*WORK ORDER*: Look in the listing below for the line that has "De vakantiewoning is", then return it and each following line up to and including the one with "첨부파일 목록을 불러오는", exactly and without pictures.
# # # # #
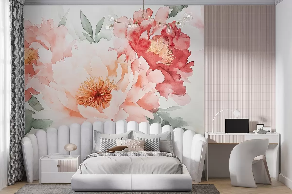 Fototapetai Dideli subtilūs akvareliniai bijūnai Nr. w08571
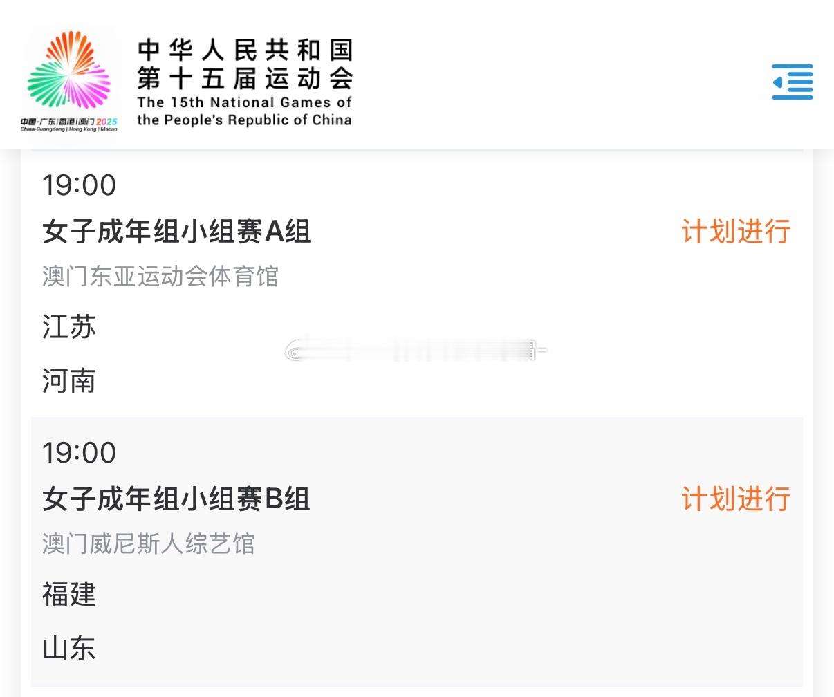 全运会成年组女排小组赛明天赛程如下图,重点关注:19.00 江苏vs河南16.00 北京vs天津你觉得江苏跟河南几几开?北京和天津呢?
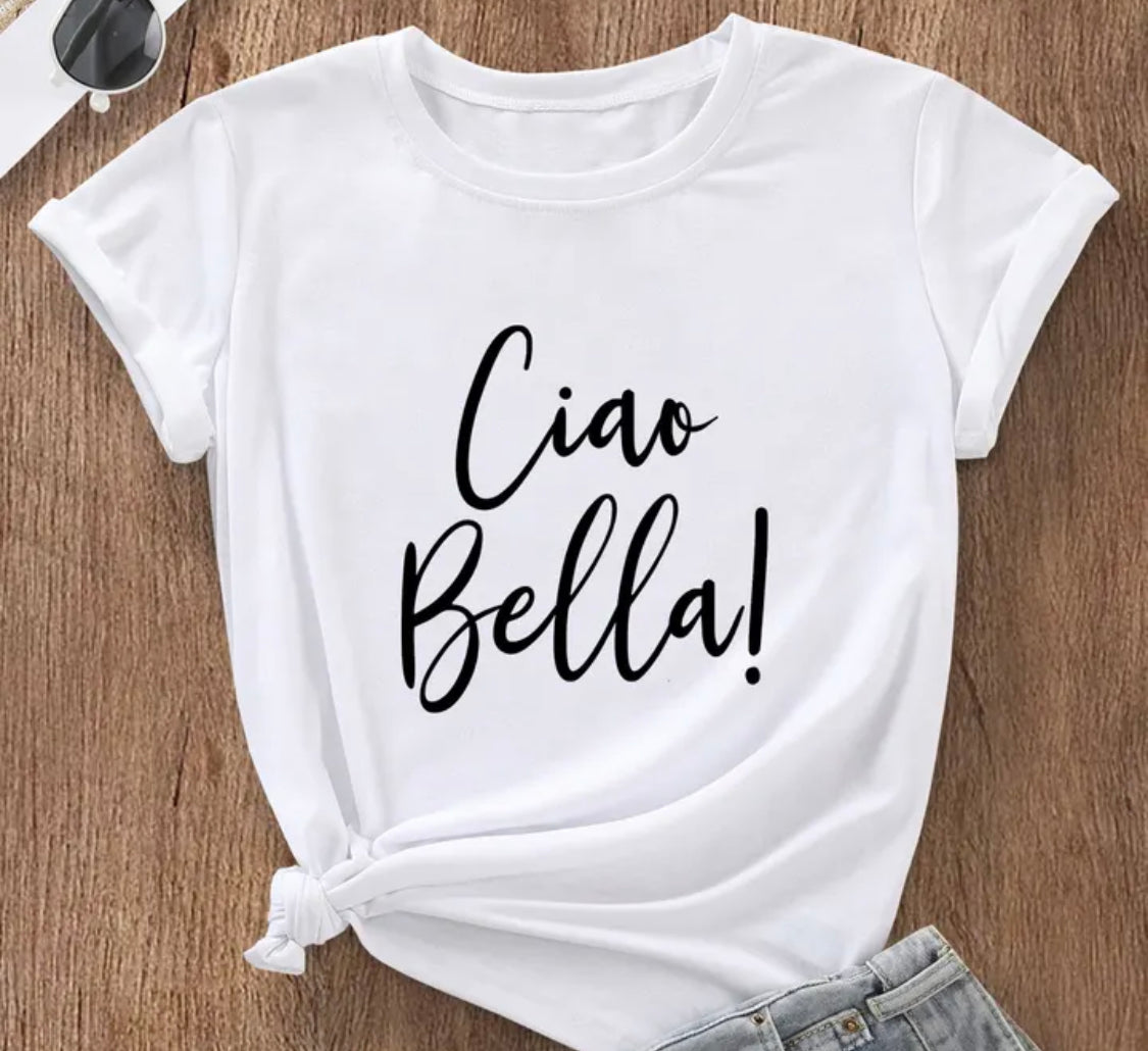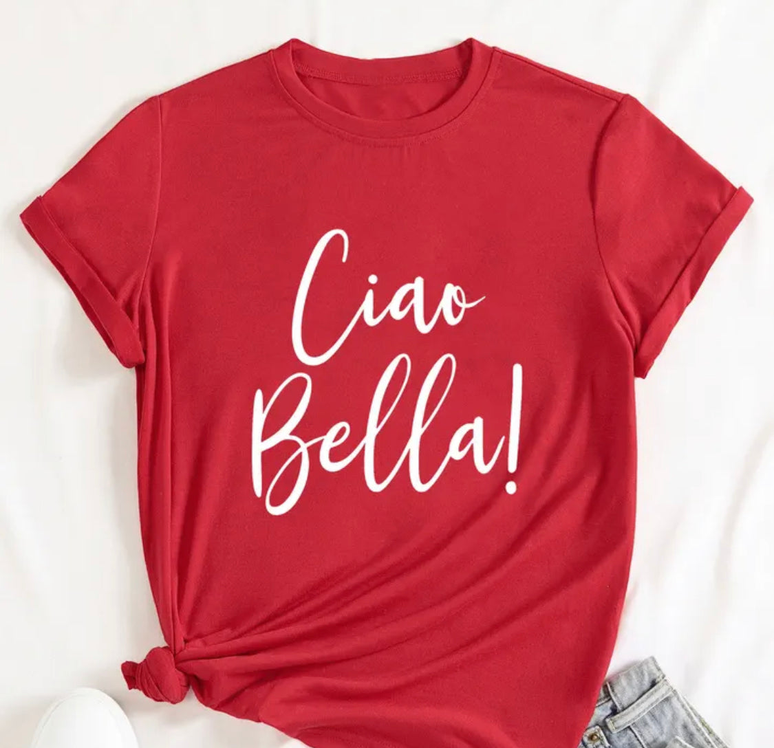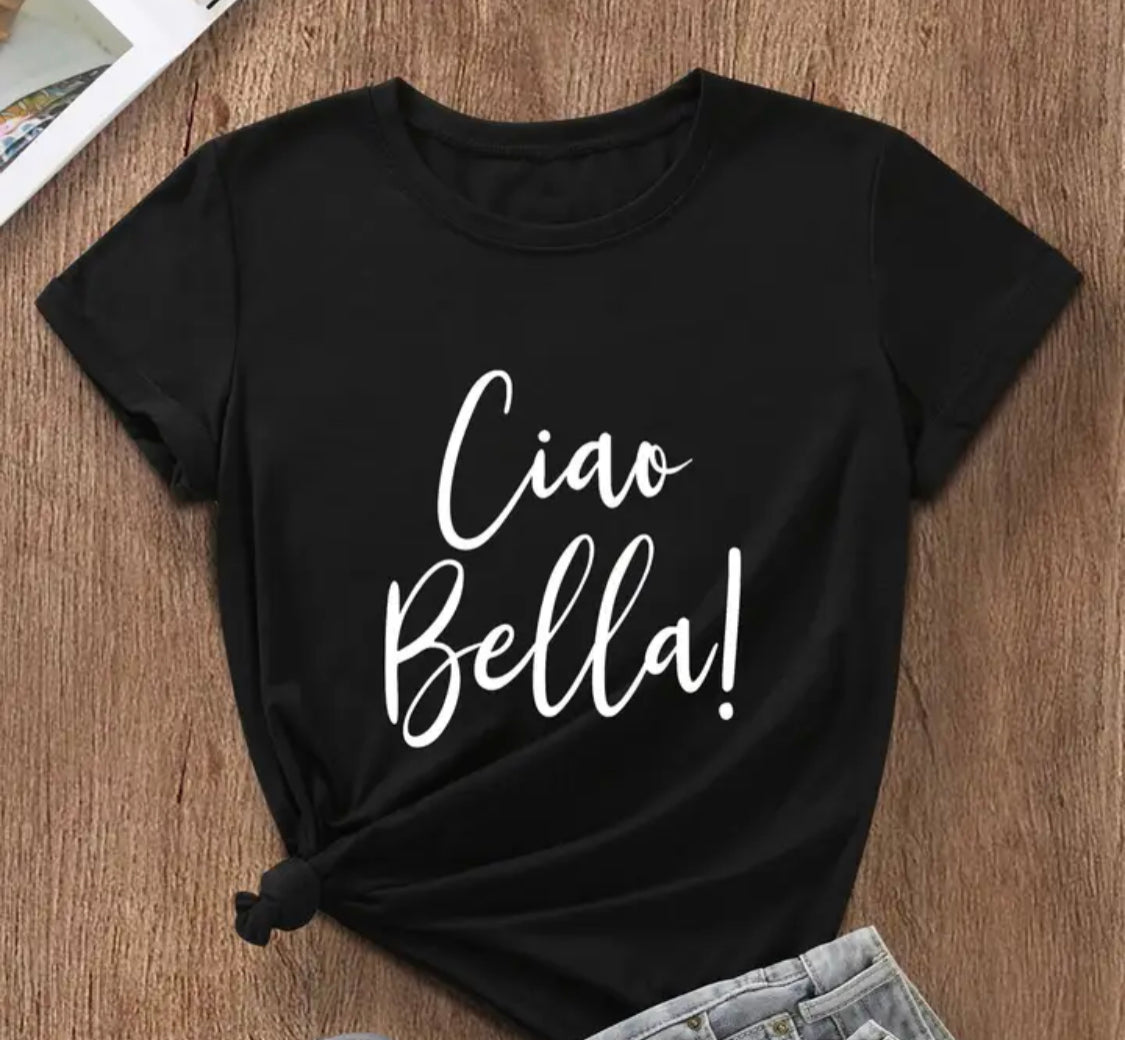 Ciao Bella Shirt... chose from green, white,red or black. Sizes small,Medium,large,XL,XXL, and XXXL
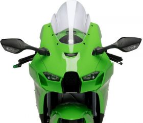 Die Z-Racing-Scheiben sind so konzipiert, dass sie aerodynamisch effizienter sind als die serienmäßigen Scheiben. Sie wurden vollständig im virtuellen Windkanal getestet, um eine Verbesserung des aerodynamischen Koeffizienten (Cx) und des aerodynamischen Schutzes für den Fahrer zu gewährleisten. Dank ihrer doppelten Höhe leiten sie den Wind ab, der sonst auf den Helm und den oberen Bereich des Oberkörpers treffen würde. In der Zwischenzeit nehmen die Seitenkanäle den Luftstrom auf und leiten ihn zur Seite, um den Luftdruck an den Schultern des Fahrers zu verringern.
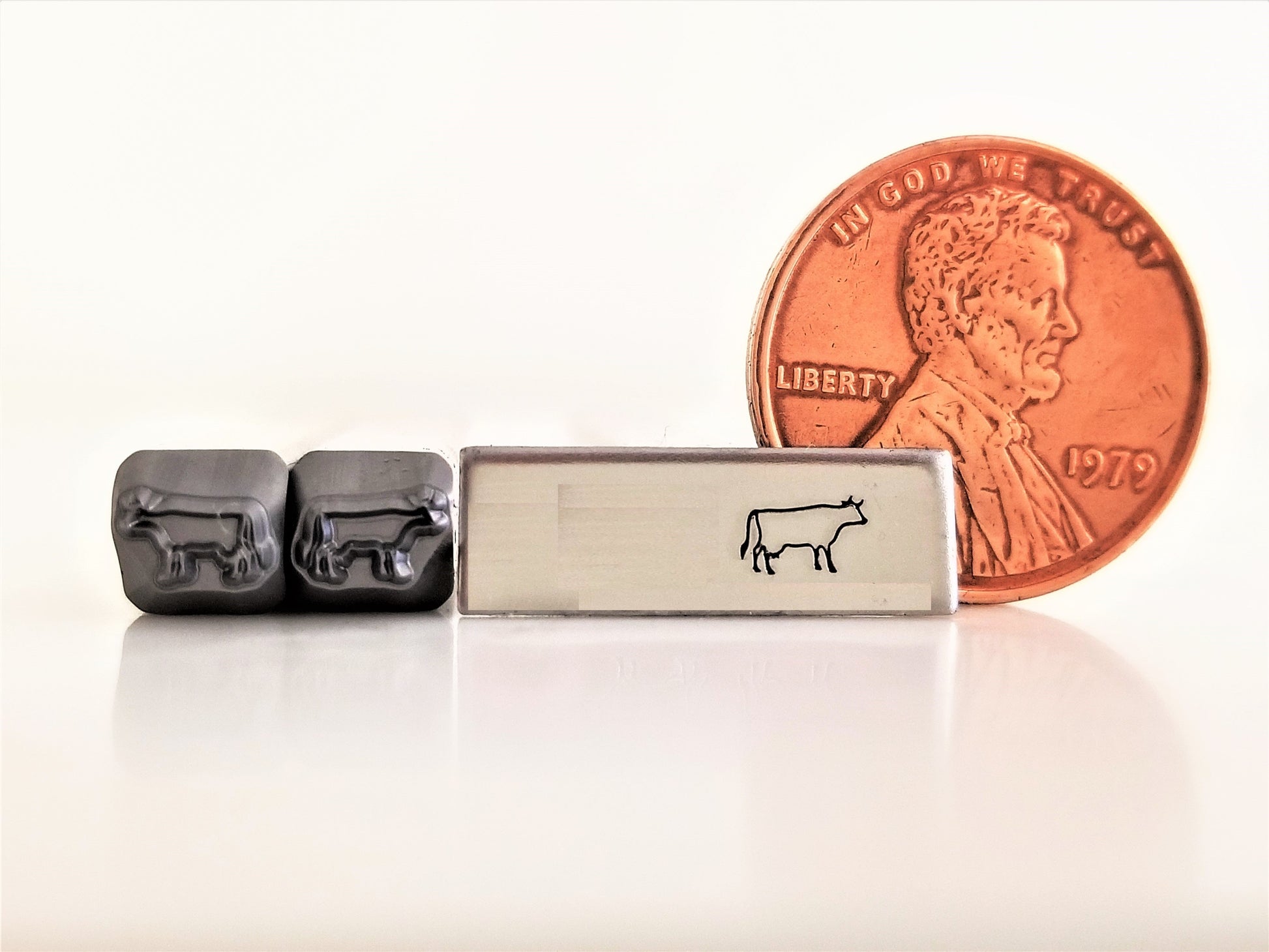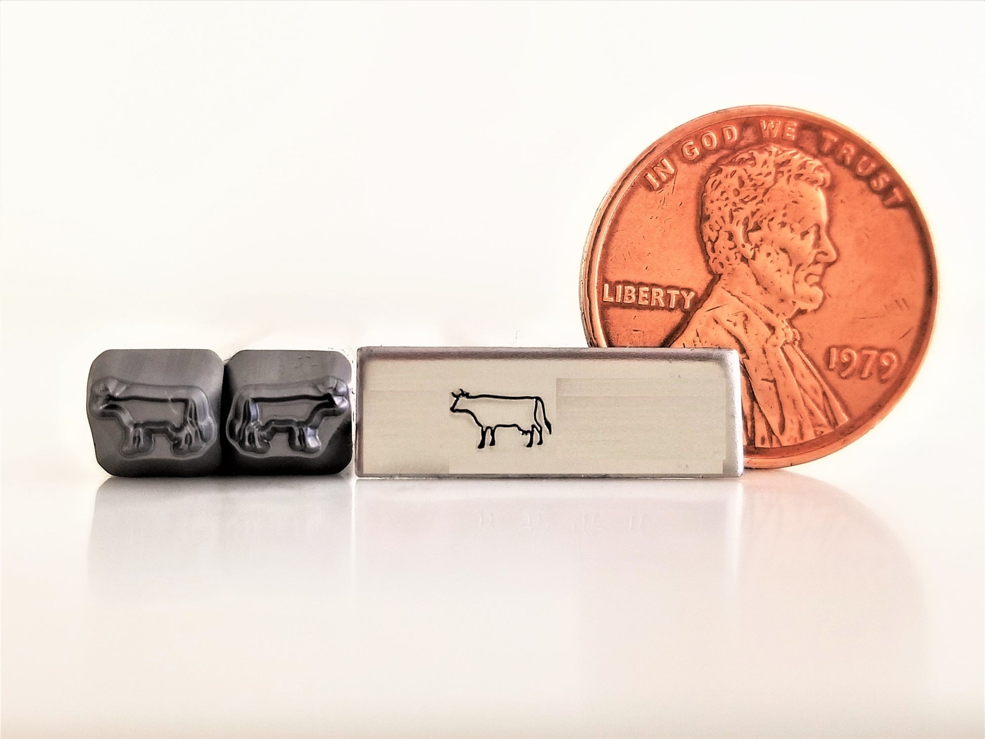 YES! HAVE A COW!! Our 5.0mm hand stamp cow metal design stamp comes in Left and Right facing! Pair it with our Bull and Calf design stamps for the perfect ranch family! All of our Simple Dimple stamps manufactured to be used on all metals, and are designed to fit in most ring jigs.
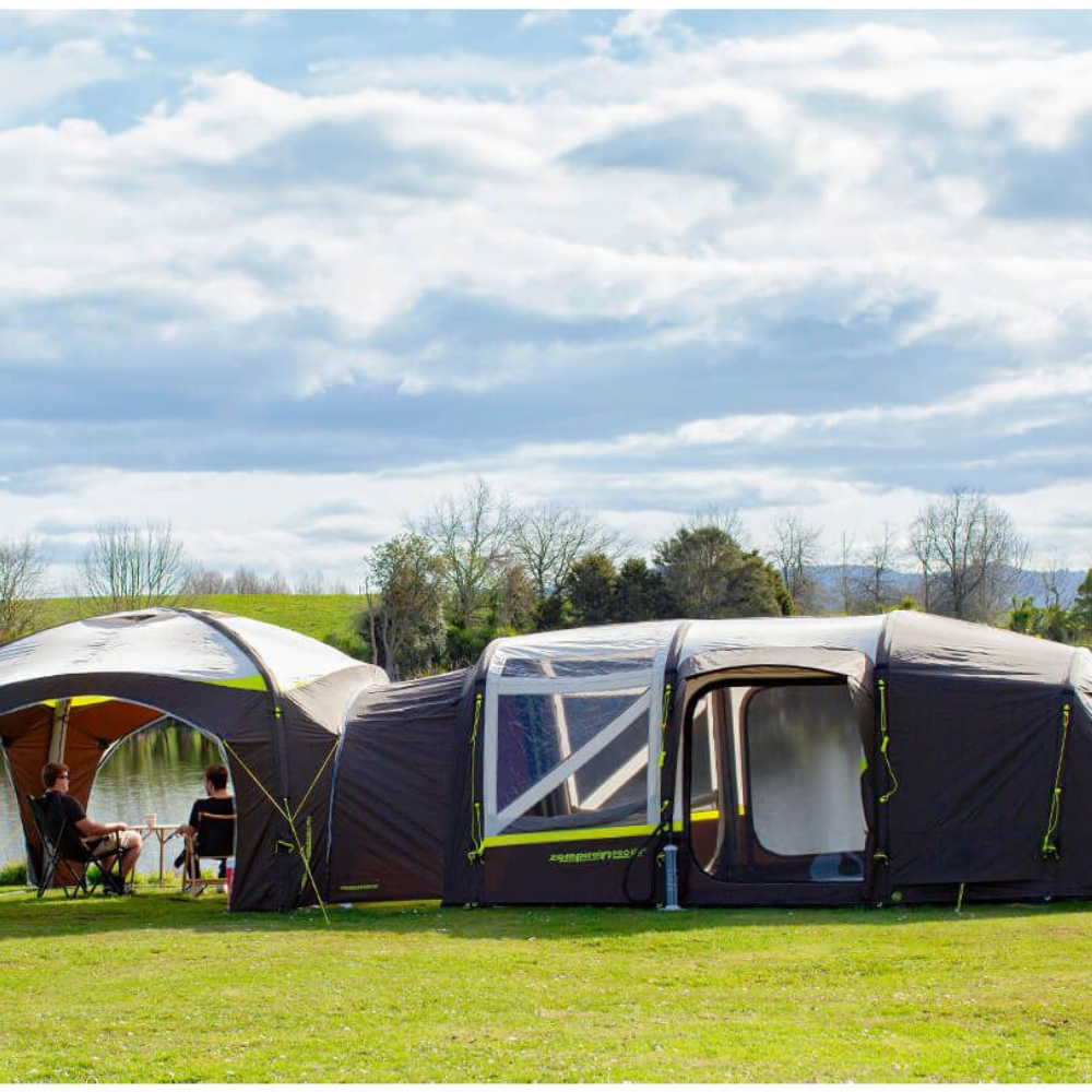 An Evo Link M connects your Aerobase 3 or 3 Pro shelter to your Evo TM, Evo TM V2 or TS tent to extend your covered outdoor living space. Ideal for kitchens, lounging space, or a dining table. The waterproof connection ensures that you will stay dry, no matter the weather. It is possible to connect up to 4 tents to a single shelter to create a "tent-city" with a central gathering area for friends and family.
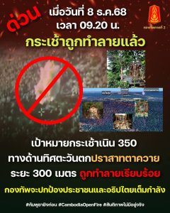 . เมื่อ 8 ธ.ค.68เวลา 09.20 น. เป้าหมายกระเช้าเนิน 350 ทางด้านทิศตะวันตกปราสาทตาควาย ระยะ 300 เมตร ถูกทำลายเรียบร้อย กองทัพจะปกป้องประชาชนและอธิปไตยเต็มกำลัง
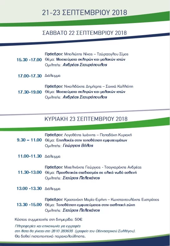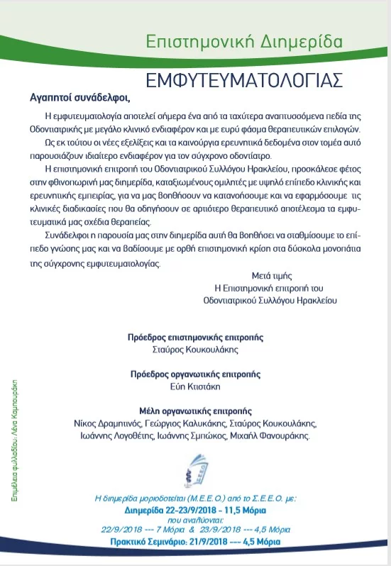 Συνέδρια - ΣεμινάριαΕπιστημ. διημερίδα Εμφυτευματολογίας 21-23 Σεπτεμβρίου 2018 5 Σεπτεμβρίου 20181 Ιουνίου 2023 Μοιραστείτε
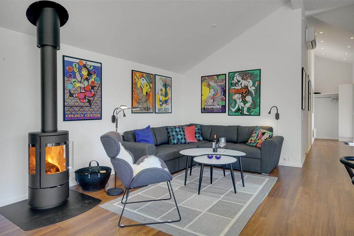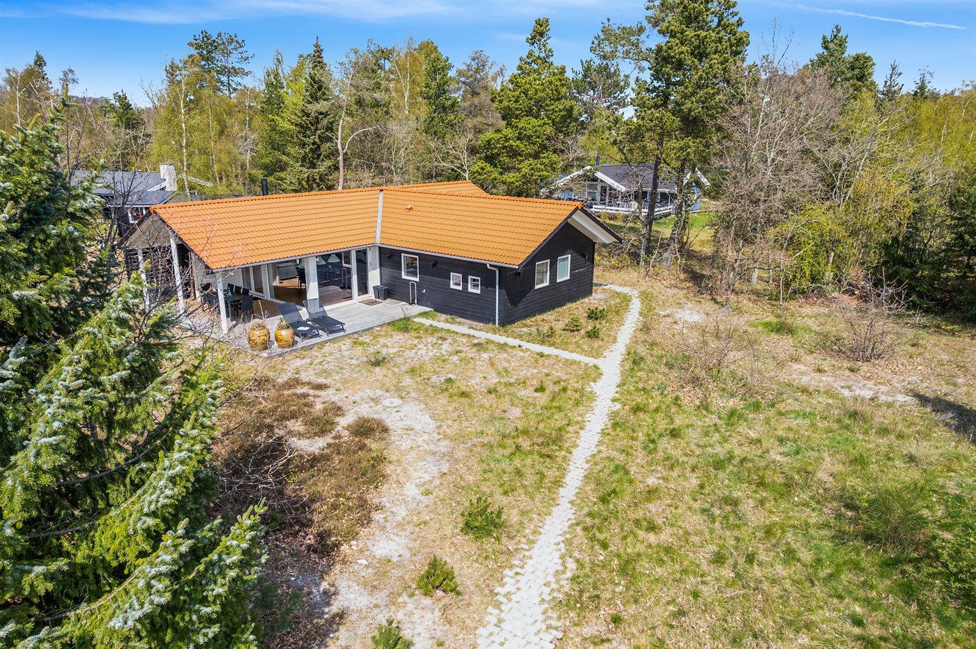 De vakantiewoning is gelegen op een 2000 m² groot natuural grond. Afstand tot de fjord 150 m. Dichtstbijzijnde winkel 2100 m. Bij de vakantiewoning hoort 60 m² terras. Daarnaast is er een 30 m² groot overdekt terras. Barbecue. Het huis heeft een stopcontact voor het opladen van een elektrische auto. Parkeerplaats bij het huis.
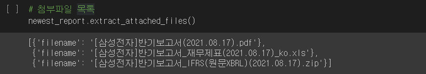 첨부파일 목록을 불러오는 extract_attached_files() 메서드, 첨부보고서 목록을 불러오는 extract_attached_reports() 메서드 등이 있습니다..
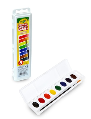 The watercolor semi-moist formula glides smoothly onto your brush in true hues that don t fade away when water is added giving you strong coverage and great color mixing with 8 assorted colors.
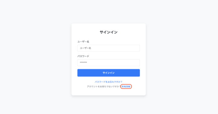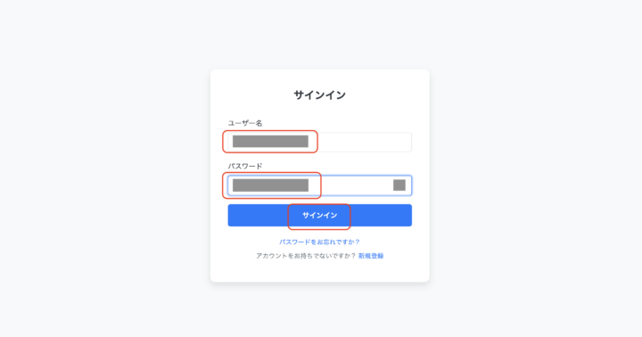 自動的にサインインページに戻るので、先ほど登録した「ユーザー名」と「パスワード」でサインインします。
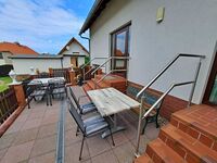 Über eine Treppe gelangen Sie ins 1. Obergeschoss, wo ein einladendes Wohnzimmer mit einer bequemen Couch, die auch als Schlafgelegenheit für zwei weitere Personen dient, auf Sie wartet. Außerdem gibt es ein separates Schlafzimmer mit einem komfortablen Doppelbett und Kleiderschrank. Genießen Sie die frische Luft auf der möblierten Terrasse direkt am Eingang, die perfekt ist um bei schönem Wetter Ihr Frühstück zu genießen oder den Abend mit einem Glas Wein ausklingen zu lassen. Ein Pkw-Stellplatz direkt am Haus sowie kostenfreies W-LAN stehen Ihnen ebenfalls zur Verfügung. Falls Sie gerne grillen möchten, können Sie auf Anfrage eine Grillmöglichkeit direkt beim Vermieter ausleihen. Zudem besteht die Möglichkeit gegen eine Kaution von 50 € eine Mikrowelle zur Verfügung gestellt zu bekommen. Ein Kinderbett und ein Hochstuhl können auf Nachfrage kostenfrei geliehen werden.
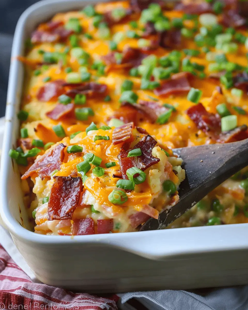 Presentation can elevate any meal, and your loaded casserole is no exception. Serve it in individual ramekins for a charming touch, perfect for gatherings or a cozy dinner at home. Garnish with fresh herbs like chives or parsley to add a pop of color and freshness.
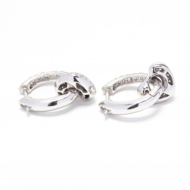 In a hinged hoop design with suspended heart charm and pavè set with full cut round diamonds weighing approximately 1.25 total carats (G-H color, VS-SI clarity), stamped 750 and with partial maker's mark.
# # # # #
*WRITTEN SOLUTION*:
 De vakantiewoning is gelegen op een 2000 m² groot natuural grond. Afstand tot de fjord 150 m. Dichtstbijzijnde winkel 2100 m. Bij de vakantiewoning hoort 60 m² terras. Daarnaast is er een 30 m² groot overdekt terras. Barbecue. Het huis heeft een stopcontact voor het opladen van een elektrische auto. Parkeerplaats bij het huis.
 첨부파일 목록을 불러오는 extract_attached_files() 메서드, 첨부보고서 목록을 불러오는 extract_attached_reports() 메서드 등이 있습니다..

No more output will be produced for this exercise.